On Reflection Radar Theory 101

From the post "Turning With The Rest Of Us"  and "More Bending Of Light" both dated 13 Aug 2015,  when

$\theta_1-\alpha\lt0$

For $\mu_2\lt\mu_1$,

$\alpha_{2s}\gt-180^o+\alpha$

and $\mu_2\gt\mu_1$,

$\alpha_{2s}\lt-180^o+\alpha$

The reflected ray, $\alpha_{2s}$ can be steered by changing $\mu_2$,

$tan(\theta_2-\alpha_{2s})=\cfrac{\mu_2}{\mu_1}tan(\theta_1-\alpha)$

$\alpha_{2s}$ being reflected by rotating $-180^o$.

$\theta_1=\theta_2$

$tan(\theta_1-\alpha_{2s})=\cfrac{\mu_2}{\mu_1}tan(\theta_1-\alpha)$

This is important in the case of $EMW$ where a reflector opposite to an emitting source focuses the radiation behind the source.

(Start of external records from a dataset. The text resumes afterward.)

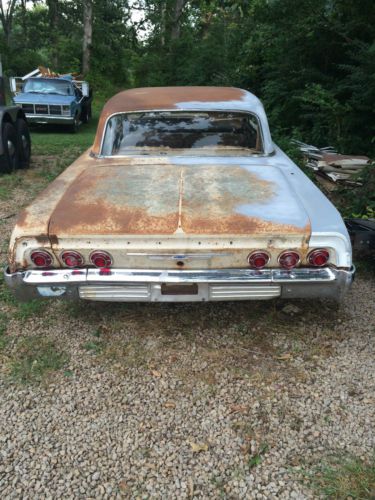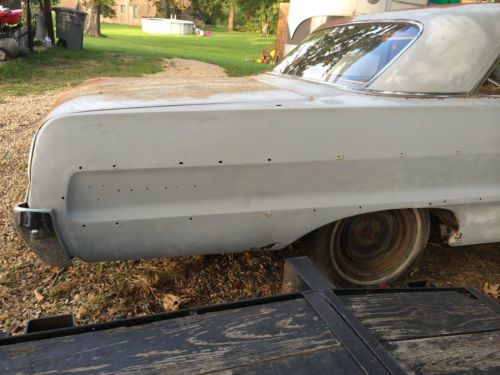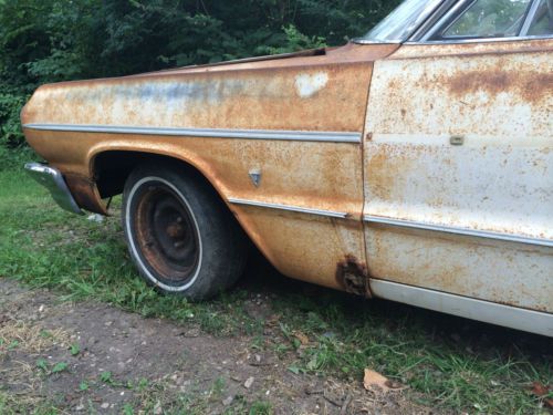 1964 CHEVY IMPALA ALL ORIGINAL NUMBERS MATCHING CAR NOT RUNNING WILL NEED COMPLETE RESTORATION THE BODY IS PRETTY SOLID NEEDS SOME FRONT FLOOR PAN WORK AND WORK IN THE TRUNK AND NORMAL SPOTS THR FRAME AND ROCKERS ARE SOLID THIS IS GREAT START ON A NICE ORIGINAL CAR WITH A/C PLEASE KNOW WHAT YOU ARE LOOKING AT FEEL FREE TO ASK MANY ANY QUESTIONS OR MAKE REASONABLE OFFER BUYER IS RESPONSABILE FOR SHIPPING OR PICKUP OF CAR.573-915-3386 FOR ANY QUESTIONS
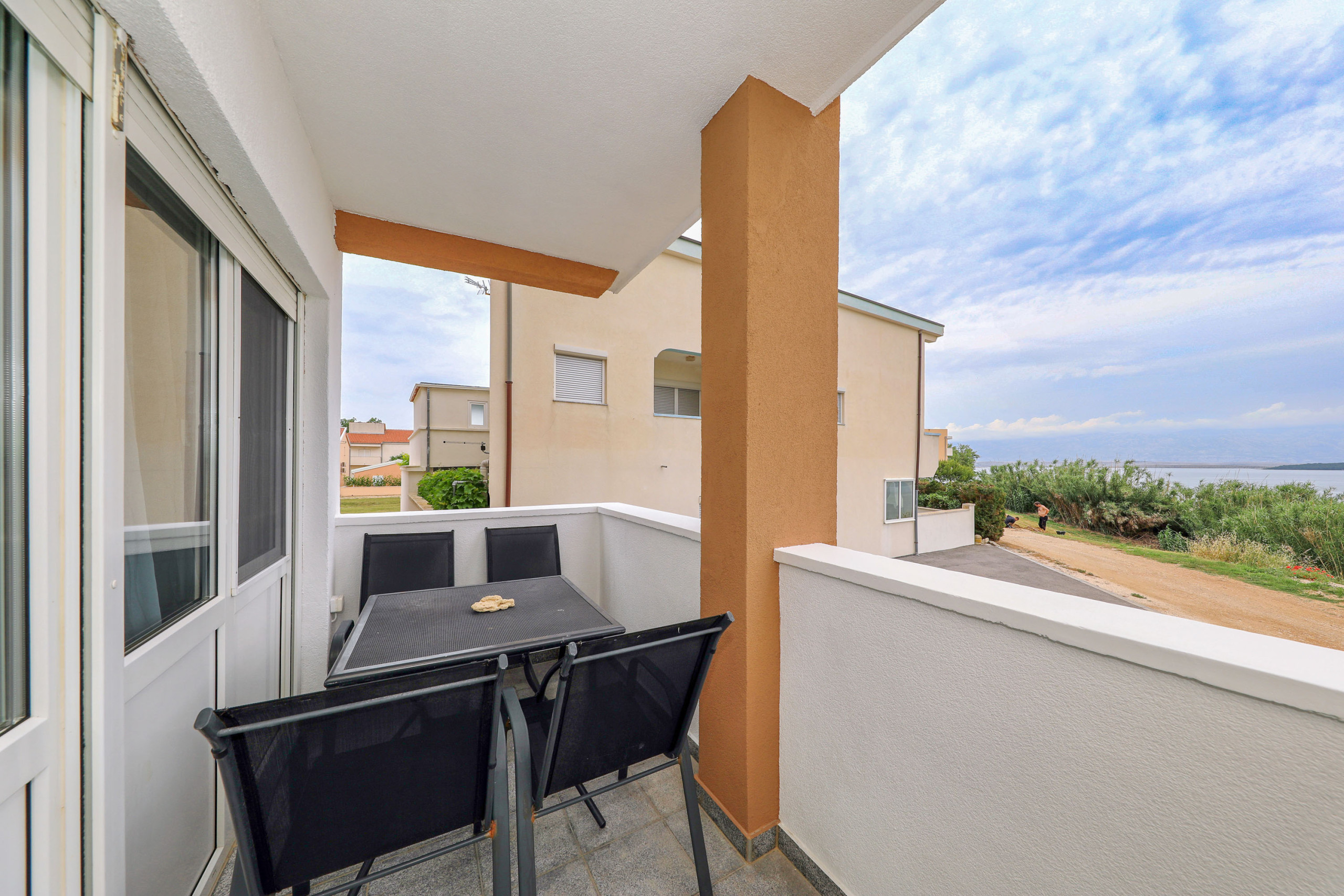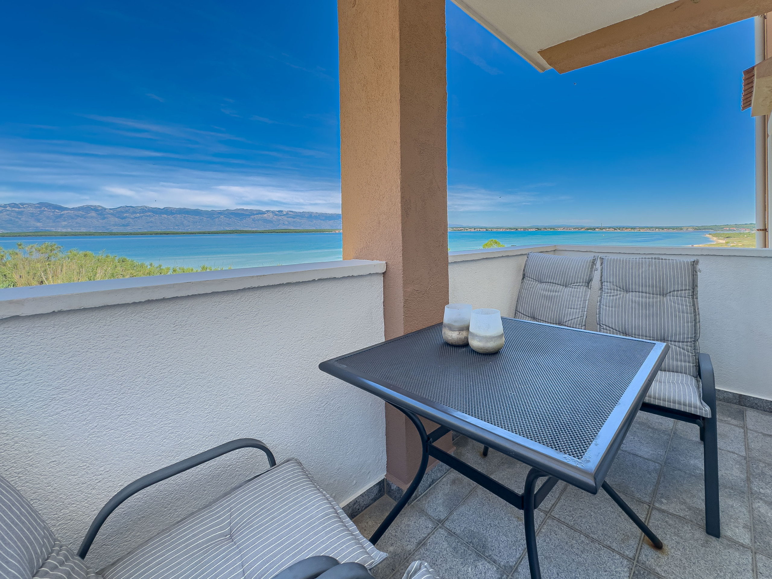 1 beautiful covered balcony with furniture and sea view
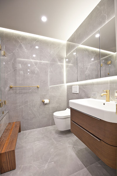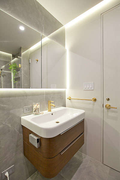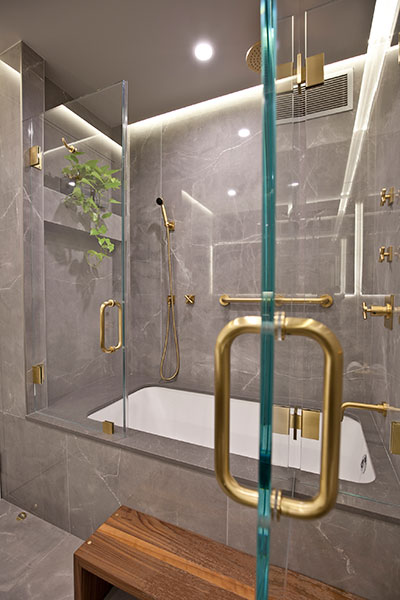 Remembering that a large portion of the apartments in New York have low ceilings, we created a shallow drop ceiling to allow for LED downlights, as well as perimeter LED strip lighting. An oversized medicine cabinet was embedded in the wall to provide needed storage and was illuminated with a separately switched LED strip. All faucets and plumbing valves by California Faucets were custom ordered in a satin-gold finish from Valley Design Central Plumbing supply.”
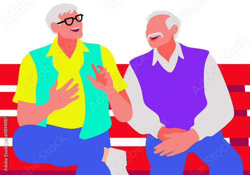 Two elderly men laugh and chat on a bright red bench with colorful attire. Illustration
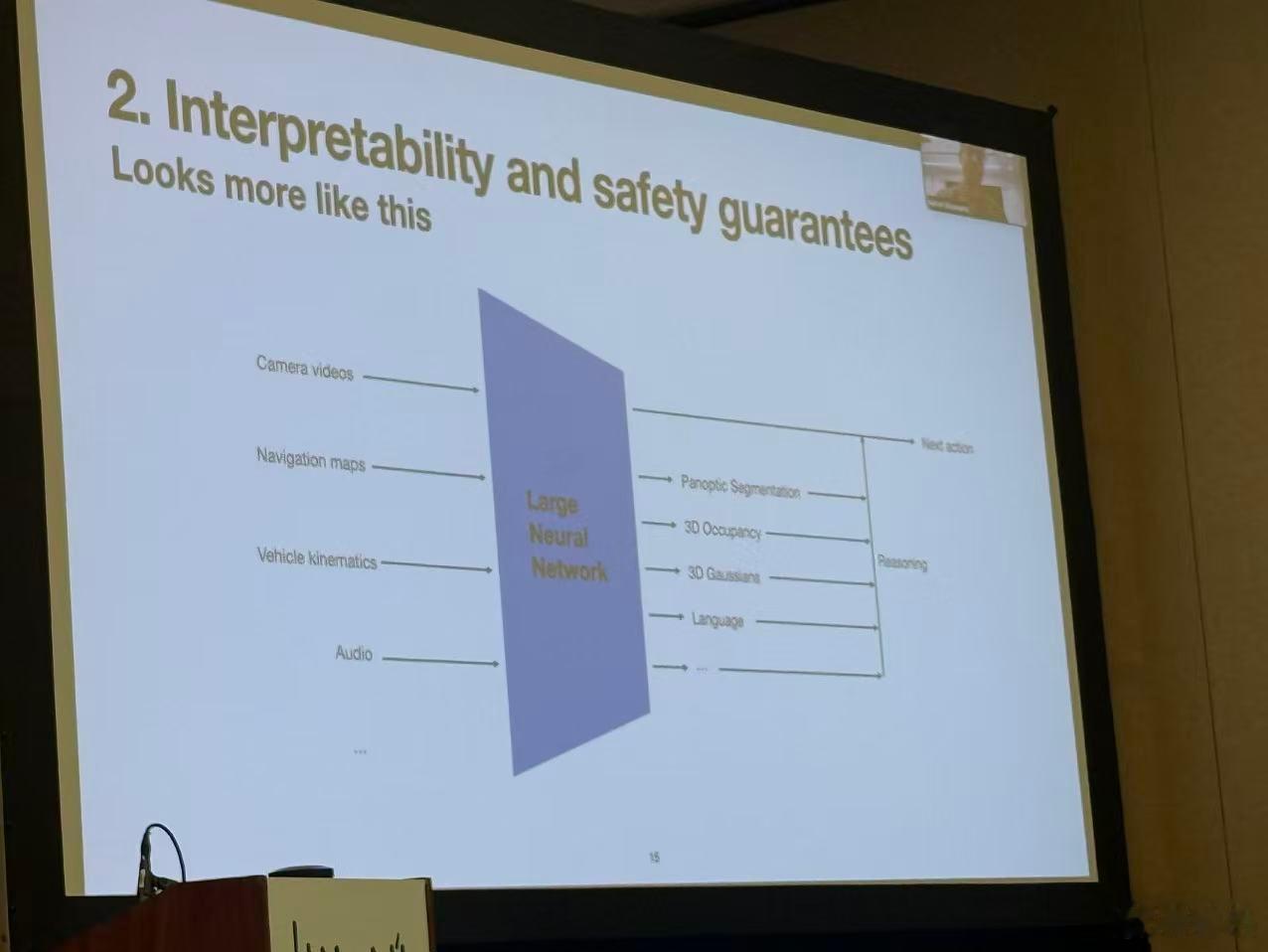 简单来说,这张图描绘了一个试图在“强大性能”和“可解释性、安全性”之间找平衡的智能驾驶系统架构:用大型神经网络整合多模态输入,输出多层次的感知与决策结果,以此让系统的行为更可理解、更安全。[点赞]
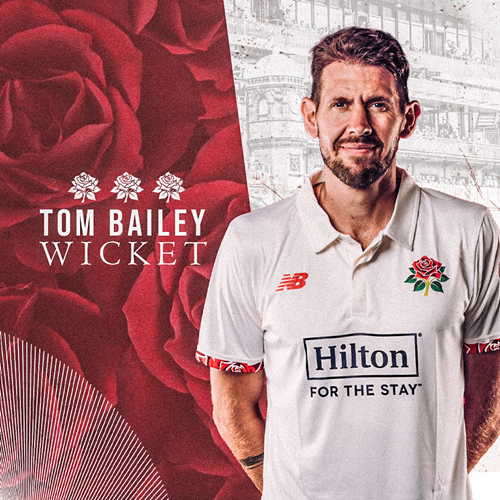 Tom Bailey has thumped a couple of fours but attempting to slog a third off Lewis Gregory instead finds Tom Kohler-Cadmore at mid-on for 16.
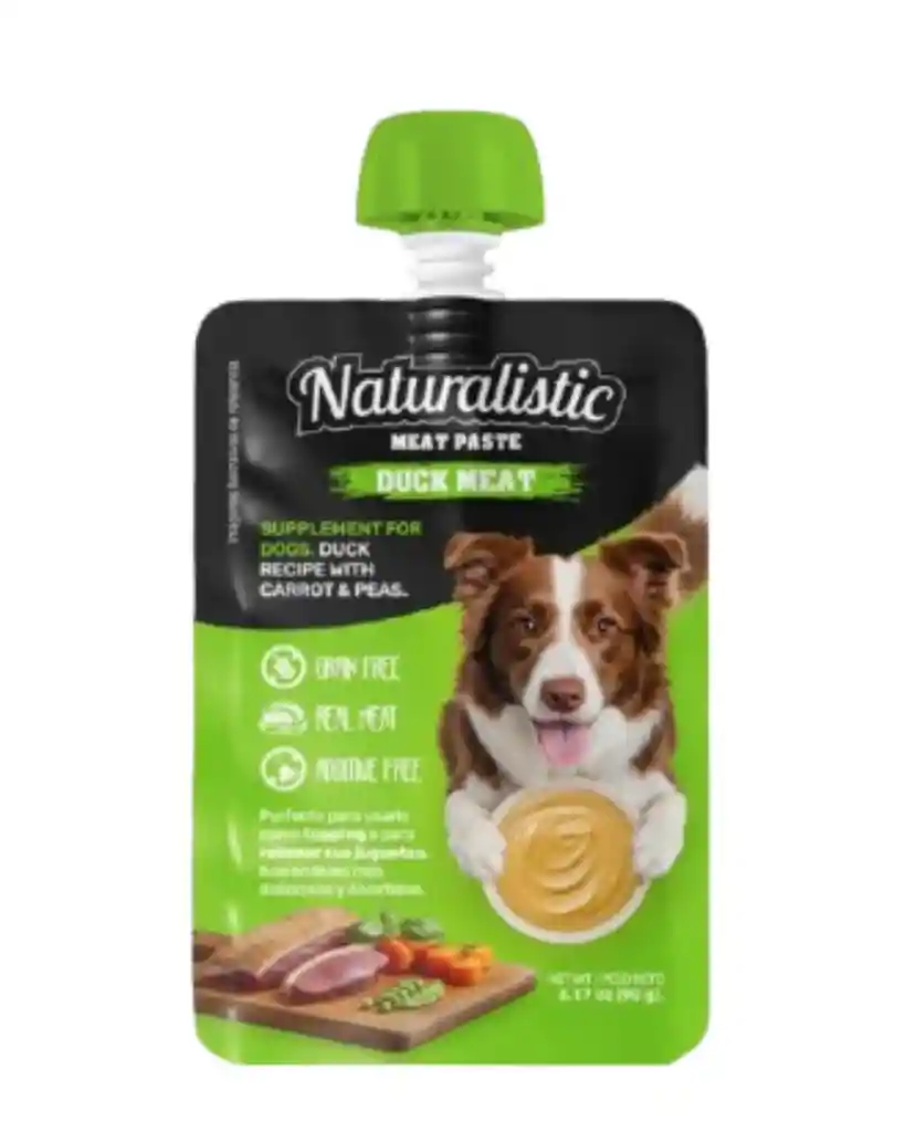 Naturalistic Meat Paste Duck 90 g es un alimento húmedo para perros con textura tipo compota, perfecto para usar como topping sobre alimento seco, snack o para rellenar juguetes interactivos. Elaborado con carne real de pato como ingrediente principal, ofrece un sabor diferente e irresistible que ayuda a estimular el apetito. Su consistencia suave lo hace ideal para perros de todas las edades, especialmente aquellos más exigentes o con dificultades para masticar. Además, su fórmula incorpora prebióticos que favorecen la salud digestiva y es libre de granos, siendo una excelente alternativa para perros con sensibilidad alimentaria. Este producto es un alimento complementario, pensado para enriquecer la dieta diaria con sabor, variedad y beneficios funcionales. 🌟 Beneficios principales 🦆 Elaborado con carne real de pato como fuente de proteína. 🥣 Textura tipo compota, fácil de consumir. 🌿 Con prebióticos que apoyan la salud digestiva. 🚫 Libre de granos, ideal para perros sensibles. 🧩 Perfecto como topping o para rellenar juguetes interactivos. 🧡 Ingredientes destacados 🦆 Carne de pechuga de pato: Fuente de proteína sabrosa y altamente palatable, ideal para estimular el apetito. 🌿 Fructooligosacáridos (FOS): Prebióticos que ayudan a mantener una flora intestinal saludable. 🥕 Zanahoria: Aporta fibra y antioxidantes que favorecen la digestión. 🌱 Arvejas: Fuente vegetal que contribuye con fibra y nutrientes complementarios.
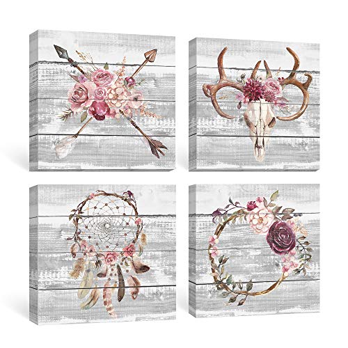 Sumgar Boho Wall Art Bedroom Rustic Pink Flowers Pictures
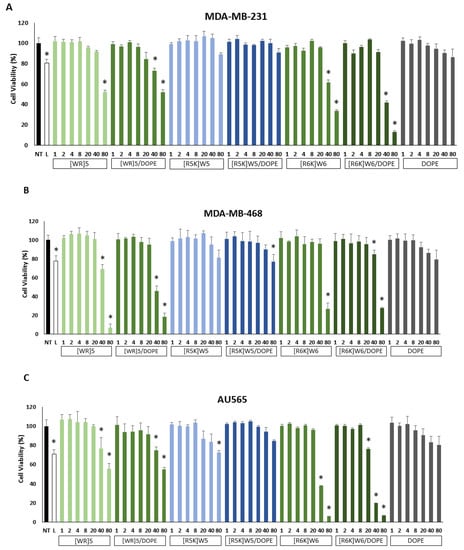 The toxicity of [WR]5 (with and without addition of DOPE) in (A) MDA-MB-231 Cells, (B) MDA-MB-468, and (C) AU565 cells with different N/P ratios (from 1 to 80) (CCK assay; n = 3). The viability is normalized to cells treated with normal saline (no treatment, or ‘NT’ group). DOPE study group received DOPE alone, with the same final concentration incorporated in the delivery system at corresponding N/P ratios. The error bars indicate standard deviation. Asterisks indicate significant difference (p < 0.05) with the ‘NT’ group.
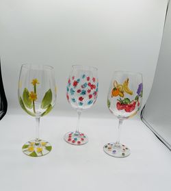 Vintage Hand Painted Floral Wine Glasses ARC France Set Of 3$55Long Beach, CA

In the case of a perfect conductor, $\alpha_{2p}$ does not exist as there cannot be magnetic fields inside the conductor.  $\alpha_{2p}$ is absorbed by the conductor; half of the energy in the wave is absorbed.  If $\theta$ is kept small, the vertical component of  the $E$ field is small compared to the horizontal component in the direction of travel of the radiation.  This horizontal component attenuates as the wave move into medium of varying $\varepsilon$; the vertical component remained unchanged.  $\theta$ should be kept large $\theta\to90^o$ as $\alpha_{2s}$ only depends on $\alpha$, $\mu_2$ and $\mu_1$, up to the range over which the horizontal component of $E$ attenuates completely.  As the wave attenuates, $\theta$ decreases and is more readily reflected given the incident angle $\alpha$.

Apart from keeping polarization high, $\Delta\theta$ dose not effect $\alpha_{2s}$, the reflected EMW.